• _What is being asked_
After finding "图 2 两次较小地震事件的部分模板波形" in the data, write out its line and all following lines without change, up to and including the last one. Leave out pictures.

• _Input data_
- - -
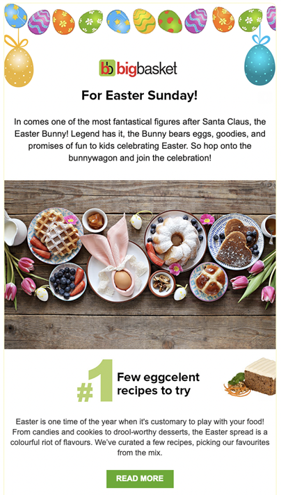 Another occasion wherein you can plug in more content from users is during festivals. Indians love holidays. Bigbasket does it right by adding a recipe contest for customers. They recognize and honor community content and increase the number of mentions. The brand actively curates content shared by customers, partners, and stakeholders while encouraging others to participate too!
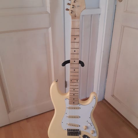 Hyväkuntoinen ja helpposoittoinen laadukkaista osista koottu stratocaster kitara telecasterin kaulalla. Tarkemmat speksit löytyvät viimeisestä kuvasta.
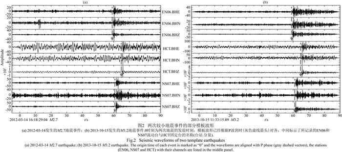 图 2 两次较小地震事件的部分模板波形 (a)2012-03-14发生的M2.7地震事件;(b)2013-10-15发生的M3.2地震事件.0时刻为两次地震的发震时刻,模板波形已经根据P波到时(灰色虚线箭头)对齐,中间标示了所记录的ENO6和NS07流动台与HCT固定台的名称(台站.分量). Fig. 2 Seismic waveforms of two template earthquakes (a)2012-03-14 M2.7 earthquake; (b)2013-10-15 M3.2 earthquake. The origin time of each event is marked as "0" and the waveforms are aligned with P phase(gray dashed vectors), the stations (EN06, NSO7 and HCT)with their channels are listed in the middle panel. |
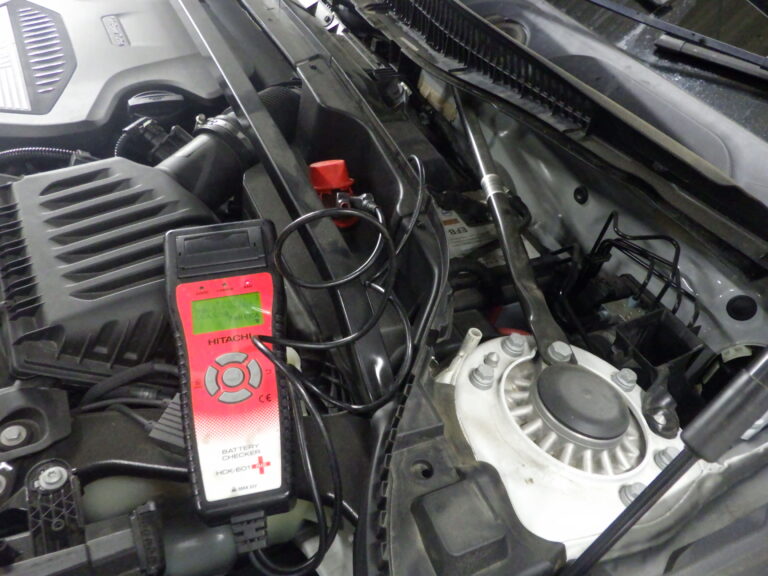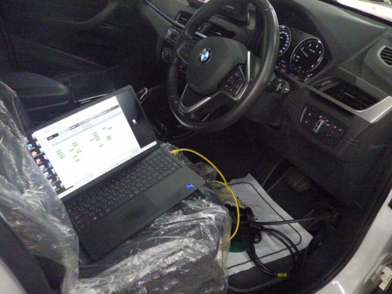 バッテリー診断を行いBMW専用テスターを車両に接続してコンピューター診断を行いエラーチェック
- - -
• _Finished exercise_
 图 2 两次较小地震事件的部分模板波形 (a)2012-03-14发生的M2.7地震事件;(b)2013-10-15发生的M3.2地震事件.0时刻为两次地震的发震时刻,模板波形已经根据P波到时(灰色虚线箭头)对齐,中间标示了所记录的ENO6和NS07流动台与HCT固定台的名称(台站.分量). Fig. 2 Seismic waveforms of two template earthquakes (a)2012-03-14 M2.7 earthquake; (b)2013-10-15 M3.2 earthquake. The origin time of each event is marked as "0" and the waveforms are aligned with P phase(gray dashed vectors), the stations (EN06, NSO7 and HCT)with their channels are listed in the middle panel. |
 バッテリー診断を行いBMW専用テスターを車両に接続してコンピューター診断を行いエラーチェック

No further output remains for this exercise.